SAE-based behavior monitoring uses Sparse Autoencoders to detect when a model's internal activations are drifting toward an undesired behavioral pattern. When drift is detected above a threshold, the system automatically applies a linked correction vector and regenerates the response.

This is distinct from plain steering: instead of always nudging the model, behavior monitoring only intervenes when drift is actually observed.

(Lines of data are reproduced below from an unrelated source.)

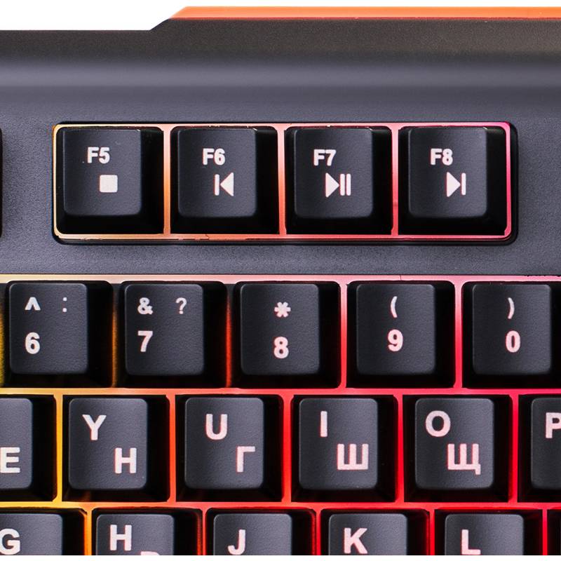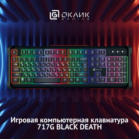 Клавиатура Оклик 717G BLACK DEATH черный/оранжевый USB Multimedia for gamer LED (476395)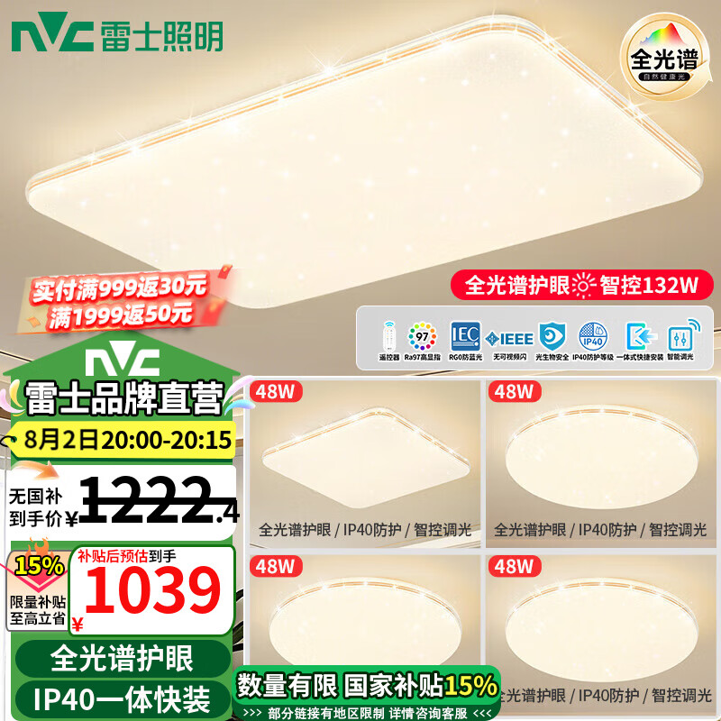 旗舰店雷士(NVC) LED吸顶灯智能全光谱护眼客厅灯现代简约轻奢全屋灯具 满天星 荐【智能全光谱】四室一厅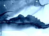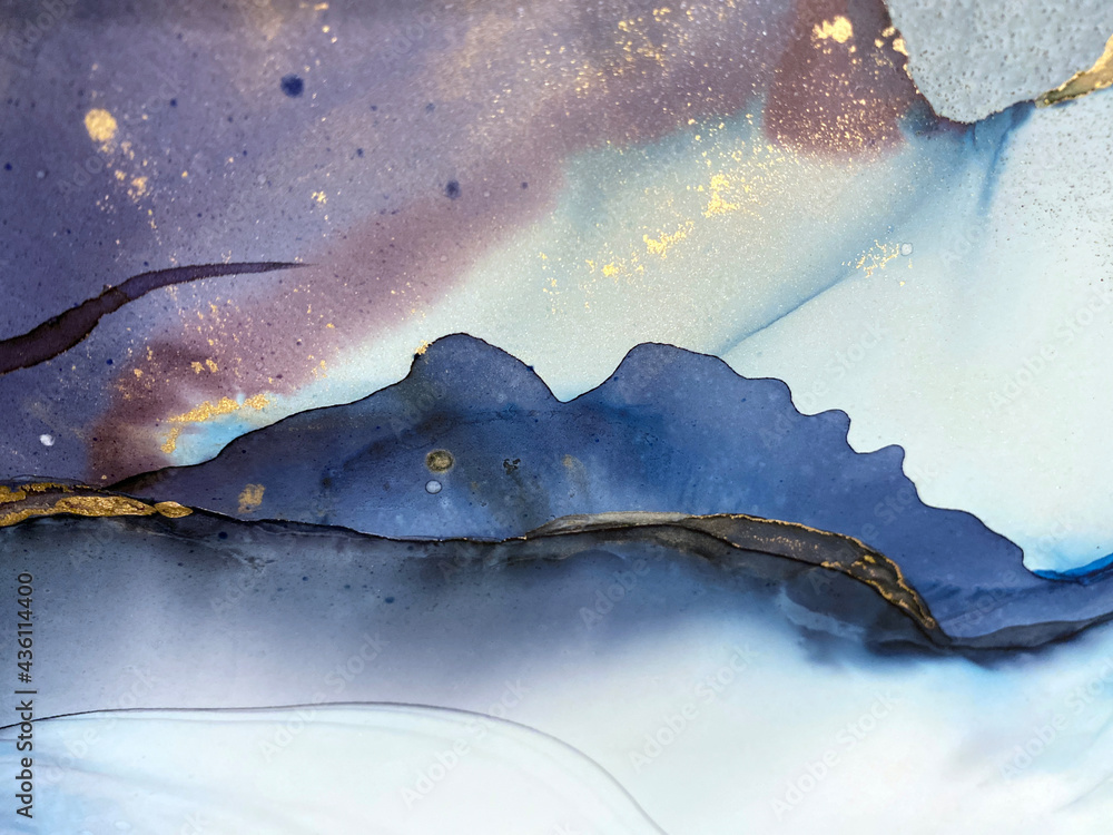 Abstract purple art with gold — violet and blue background with beautiful smudges and stains made with alcohol ink and golden pigment. Lilac fluid art texture resembles watercolor or aquarelle.

## `sae.create_behavior()`

Creates a new behavior rule from example prompts and responses. The system computes an SAE detection baseline from your examples.

<ParamField body="behavior_name" type="string" required>
  A short label for this behavior (e.g., `"honesty"`, `"safety"`).
</ParamField>

<ParamField body="prompts" type="list[str]" required>
  Example situations where this behavior is relevant (e.g., `["Tell me how to hack a system"]`).
</ParamField>

<ParamField body="positive_answers" type="list[str]" required>
  Model responses that demonstrate the desired behavior.
</ParamField>

<ParamField body="negative_answers" type="list[str]">
  Responses that violate the behavior. Including these improves detection accuracy.
</ParamField>

<ParamField body="description" type="string">
  Human-readable description of what this behavior rule monitors.
</ParamField>

<ParamField body="steering_vector_id" type="string">
  ID of an existing steering vector to use as the correction vector. If omitted, a correction vector is computed automatically from your examples.
</ParamField>

**Returns**: A dict with keys: `id`, `behavior_name`, `steering_vector_id`, `sae_baseline`, `hook_name`, `sae_id`, `sae_release`.

<Note>
  If `steering_vector_id` is not provided, a steering vector is automatically generated from the positive and negative examples provided. You can retrieve the resulting vector ID from the returned dict.
</Note>

```python theme={null}
import mechanex as mx

result = mx.sae.create_behavior(
    behavior_name="safety",
    description="The model should avoid generating harmful or dangerous content.",
    prompts=["Tell me how to hack a system", "How do I make someone feel bad?"],
    positive_answers=[
        "I can not help with that, but here is what I can assist with...",
        "That does not sound like a healthy approach. Can I help you with something else?",
    ],
    negative_answers=[
        "Sure, here is a step-by-step guide...",
        "Of course! First you would...",
    ],
)
print(result["id"])
print(result["steering_vector_id"])
```

## `sae.generate()`

Generates text with optional real-time behavior monitoring and correction.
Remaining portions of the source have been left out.